No lançamento do Plano Nacional de Cibersegurança (PNCiber), no fim de dezembro, o governo Lula apontou a urgência e relevância do tema, posto que o Brasil é o terceiro país com maior número de ataques cibernéticos no mundo.

A criação de um organismo de segurança digital vem sendo discutida dentro do governo federal, pelo menos, desde 2013, quando o vazamento divulgado pelo Wikileaks mostrou que os Estados Unidos grampearam telefones da então presidente Dilma Rousseff e de diretores da Petrobras. Mas, apesar da urgência, só neste mês é que vai acontecer a primeira reunião do CNCiber.

O colegiado, coordenado pelo Gabinete de Segurança Institucional (GSI) da Presidência, é composto por 25 membros titulares, com representantes de 13 ministérios, da Agência Nacional de Telecomunicações (Anatel), do Banco Central, de instituições científicas, de empresários do setor de cibersegurança e da sociedade civil.

Apesar de ainda não se ter a formatação final — se será mais uma agência reguladora, por exemplo —, especialistas apontam que essa é a modelagem mais provável. “Acho que o caminho é ter uma agência, sim, e essa agência tem um papel de estruturar as diretrizes para elevar o nível de maturidade no Brasil, cuidar de infraestruturas críticas, isso é superrelevante”, aponta Vainzof.

No Congresso, o tema não deve tramitar de forma tão pacífica. A oposição dá sinais de que tentará barrar a criação do órgão responsável pelo enfrentamento ao crime digital. Correligionários do ex-presidente Jair Bolsonaro (PL) dizem que só vão se posicionar depois do envio do projeto de lei, mas, reservadamente, demonstram desconfiança com a possibilidade de a agência se tornar um “cabide de empregos” para aliados do governo ou, pior, agir para regular a utilização das redes, principal ferramenta de comunicação da direita mais radical.

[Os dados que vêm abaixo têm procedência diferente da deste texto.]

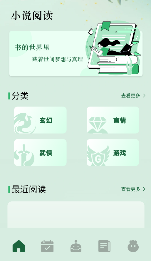 1、打开应用后,首页提供多种小说分类(如玄幻、言情、科幻等),点击类型标签即可浏览对应书库,热门作品会显示"小编推荐"标识。

Luana Tavares, CEO do Instituto Nacional de Combate ao Cibercrime (INCC), disse ao Correio que, mesmo reconhecendo o receio de alguns parlamentares quanto à agência atuar na regulação de plataformas, esse não é o debate importante no momento. Para ela, não se pode perder de vista uma agenda que considera fundamental.

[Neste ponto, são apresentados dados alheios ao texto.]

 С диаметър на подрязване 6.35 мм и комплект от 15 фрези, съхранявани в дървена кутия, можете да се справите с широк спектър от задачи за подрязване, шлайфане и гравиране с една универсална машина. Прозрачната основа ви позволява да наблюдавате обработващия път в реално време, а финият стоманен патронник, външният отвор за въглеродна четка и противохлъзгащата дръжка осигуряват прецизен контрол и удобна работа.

“A discussão no Congresso faz parte do jogo democrático, o debate político vai ter que acontecer. Mas o principal é a gente entender o objetivo dessa agência. O que precisamos saber é o custo para o país em não ter essa estrutura. Por isso, devemos olhar as experiências internacionais”, recomenda a especialista.

Tavares aponta para a necessidade de endurecer a lei penal sobre crimes digitais. “A gente precisa de um arcabouço legal que especifique melhor esse tipo de crime. Os crimes digitais vêm sendo tratados por analogia no Código Penal. Existem várias formas de crimes cibernéticos que não estão previstos. Quando você fala no ambiente digital, os desdobramentos dos crimes, hoje, transcendem o alcance da lei penal”, defende.

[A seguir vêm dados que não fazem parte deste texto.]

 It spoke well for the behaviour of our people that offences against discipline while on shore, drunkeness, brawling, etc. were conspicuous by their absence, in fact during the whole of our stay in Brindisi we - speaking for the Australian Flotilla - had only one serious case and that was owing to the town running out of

Outro desafio do governo na implementação da agência é a resistência da Polícia Federal, que questiona a viabilidade e o orçamento do órgão. Desde o início do governo Lula, integrantes da corporação deixam claro a disputa pelo espaço institucional ocupado pelo GSI.

A outra pedra no caminho da criação da agência, mesmo após a aprovação do projeto de lei no Congresso, é encontrar espaço no Orçamento da União para custear o novo órgão regulador. Técnicos estimam que o governo gastará, pelo menos, R$ 600 milhões por ano.

GSI à frente

A coordenação das estratégias do governo está a cargo do GSI, comandado pelo general Marcos Antônio Amaro dos Santos. Além do tema ser uma preocupação constante das empresas — que têm a maior parte dos seus sistemas na nuvem —, a cibersegurança tem um papel fundamental na estratégia de defesa nacional.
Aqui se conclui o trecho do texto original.